_Work item_:
Will you transcribe all the entries word for word, skipping the pictures they hold?

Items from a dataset

==*==

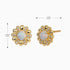 Blooming brilliance. Gold flower studs cradle a luminous round opal at the center, with petals trimmed in sparkling white cubic zirconia that catch the light like morning dew. Elegant and symbolic, they embody growth, joy, and inner radiance, making a refined gift to treasure.
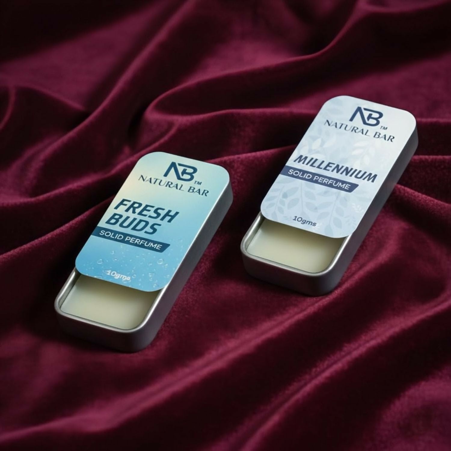 Natural Bar Millennium And fresh buds solid perfume combo| Alcohol Free Cologne for Men & Women | Strong & Lasting Fragrance | Gifting Set for Him & Her
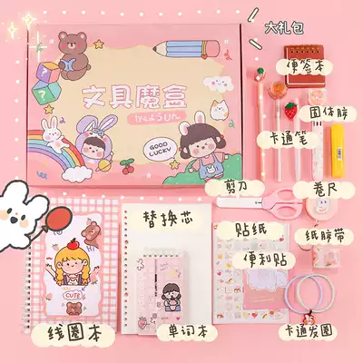 Net red creative cute lucky blind box stationery magic box set opening school gift package cartoon girl heart birthday gift box surprise unpacking box primary school prizes learning children's writing tools blind bag
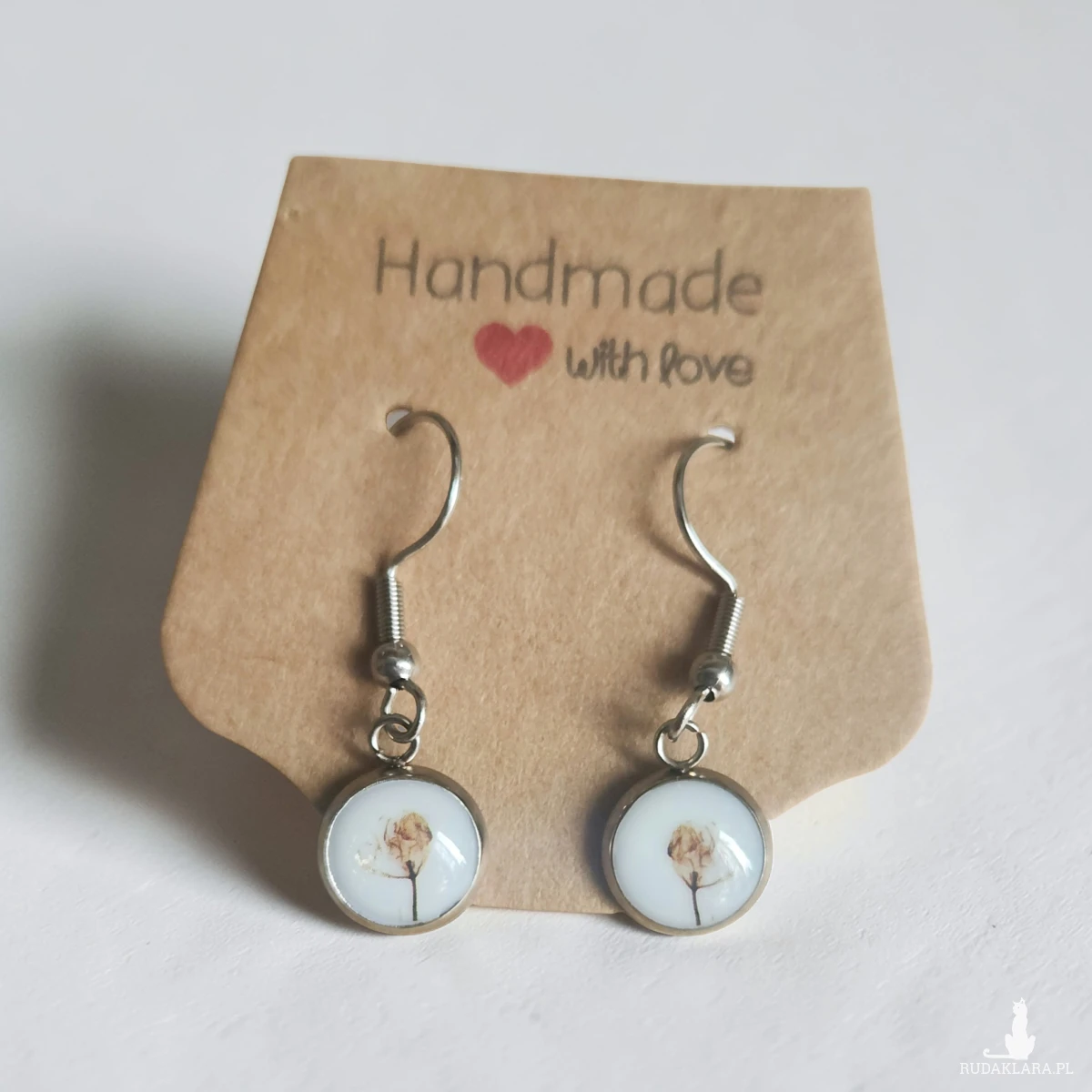 Kolczyki wiszące: Subtelne, okrągłe elementy z motywem drobnych kwiatuszków na białym tle.
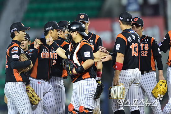 승리를 거둔 롯데 선수들이 마운드에 모여 하이파이브 하고 있다.

==*==

_Answer for this exercise_:
 Blooming brilliance. Gold flower studs cradle a luminous round opal at the center, with petals trimmed in sparkling white cubic zirconia that catch the light like morning dew. Elegant and symbolic, they embody growth, joy, and inner radiance, making a refined gift to treasure.
 Natural Bar Millennium And fresh buds solid perfume combo| Alcohol Free Cologne for Men & Women | Strong & Lasting Fragrance | Gifting Set for Him & Her
 Net red creative cute lucky blind box stationery magic box set opening school gift package cartoon girl heart birthday gift box surprise unpacking box primary school prizes learning children's writing tools blind bag
 Kolczyki wiszące: Subtelne, okrągłe elementy z motywem drobnych kwiatuszków na białym tle.
 승리를 거둔 롯데 선수들이 마운드에 모여 하이파이브 하고 있다.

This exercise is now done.